> [PROBLEM DETAILS] Would you repeat every line of the material exactly?

___

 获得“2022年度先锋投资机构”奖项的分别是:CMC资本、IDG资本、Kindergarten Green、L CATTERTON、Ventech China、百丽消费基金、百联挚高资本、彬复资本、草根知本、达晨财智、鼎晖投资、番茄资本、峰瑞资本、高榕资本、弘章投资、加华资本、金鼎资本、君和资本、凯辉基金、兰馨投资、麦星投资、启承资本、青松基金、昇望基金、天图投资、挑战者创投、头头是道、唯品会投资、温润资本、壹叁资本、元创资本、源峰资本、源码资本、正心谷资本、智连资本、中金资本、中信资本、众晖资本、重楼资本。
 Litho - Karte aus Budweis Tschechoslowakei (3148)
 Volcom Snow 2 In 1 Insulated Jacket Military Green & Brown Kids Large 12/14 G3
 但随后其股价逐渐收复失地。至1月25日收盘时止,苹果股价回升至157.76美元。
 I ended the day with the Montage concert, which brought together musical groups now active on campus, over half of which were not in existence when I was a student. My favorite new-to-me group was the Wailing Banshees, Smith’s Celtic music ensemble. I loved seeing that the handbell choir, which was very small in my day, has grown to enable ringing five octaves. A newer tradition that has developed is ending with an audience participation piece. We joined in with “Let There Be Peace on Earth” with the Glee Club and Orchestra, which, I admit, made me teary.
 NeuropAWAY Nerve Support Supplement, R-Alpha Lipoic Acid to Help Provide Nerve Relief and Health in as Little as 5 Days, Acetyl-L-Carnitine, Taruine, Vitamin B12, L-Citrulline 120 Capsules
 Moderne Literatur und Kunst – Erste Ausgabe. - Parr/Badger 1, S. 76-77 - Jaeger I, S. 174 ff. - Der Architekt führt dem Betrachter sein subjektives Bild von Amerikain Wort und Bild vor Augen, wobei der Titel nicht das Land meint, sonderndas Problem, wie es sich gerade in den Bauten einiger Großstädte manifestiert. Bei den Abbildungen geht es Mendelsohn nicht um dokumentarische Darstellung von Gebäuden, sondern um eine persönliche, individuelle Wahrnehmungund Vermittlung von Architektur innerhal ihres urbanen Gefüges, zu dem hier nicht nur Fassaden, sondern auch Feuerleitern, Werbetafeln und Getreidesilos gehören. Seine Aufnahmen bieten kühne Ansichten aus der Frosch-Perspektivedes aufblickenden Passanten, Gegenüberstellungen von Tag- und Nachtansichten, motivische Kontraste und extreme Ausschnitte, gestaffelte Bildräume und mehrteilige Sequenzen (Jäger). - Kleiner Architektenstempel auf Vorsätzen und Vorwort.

___

> [EXERCISE RESPONSE]
 获得“2022年度先锋投资机构”奖项的分别是:CMC资本、IDG资本、Kindergarten Green、L CATTERTON、Ventech China、百丽消费基金、百联挚高资本、彬复资本、草根知本、达晨财智、鼎晖投资、番茄资本、峰瑞资本、高榕资本、弘章投资、加华资本、金鼎资本、君和资本、凯辉基金、兰馨投资、麦星投资、启承资本、青松基金、昇望基金、天图投资、挑战者创投、头头是道、唯品会投资、温润资本、壹叁资本、元创资本、源峰资本、源码资本、正心谷资本、智连资本、中金资本、中信资本、众晖资本、重楼资本。
 Litho - Karte aus Budweis Tschechoslowakei (3148)
 Volcom Snow 2 In 1 Insulated Jacket Military Green & Brown Kids Large 12/14 G3
 但随后其股价逐渐收复失地。至1月25日收盘时止,苹果股价回升至157.76美元。
 I ended the day with the Montage concert, which brought together musical groups now active on campus, over half of which were not in existence when I was a student. My favorite new-to-me group was the Wailing Banshees, Smith’s Celtic music ensemble. I loved seeing that the handbell choir, which was very small in my day, has grown to enable ringing five octaves. A newer tradition that has developed is ending with an audience participation piece. We joined in with “Let There Be Peace on Earth” with the Glee Club and Orchestra, which, I admit, made me teary.
 NeuropAWAY Nerve Support Supplement, R-Alpha Lipoic Acid to Help Provide Nerve Relief and Health in as Little as 5 Days, Acetyl-L-Carnitine, Taruine, Vitamin B12, L-Citrulline 120 Capsules
 Moderne Literatur und Kunst – Erste Ausgabe. - Parr/Badger 1, S. 76-77 - Jaeger I, S. 174 ff. - Der Architekt führt dem Betrachter sein subjektives Bild von Amerikain Wort und Bild vor Augen, wobei der Titel nicht das Land meint, sonderndas Problem, wie es sich gerade in den Bauten einiger Großstädte manifestiert. Bei den Abbildungen geht es Mendelsohn nicht um dokumentarische Darstellung von Gebäuden, sondern um eine persönliche, individuelle Wahrnehmungund Vermittlung von Architektur innerhal ihres urbanen Gefüges, zu dem hier nicht nur Fassaden, sondern auch Feuerleitern, Werbetafeln und Getreidesilos gehören. Seine Aufnahmen bieten kühne Ansichten aus der Frosch-Perspektivedes aufblickenden Passanten, Gegenüberstellungen von Tag- und Nachtansichten, motivische Kontraste und extreme Ausschnitte, gestaffelte Bildräume und mehrteilige Sequenzen (Jäger). - Kleiner Architektenstempel auf Vorsätzen und Vorwort.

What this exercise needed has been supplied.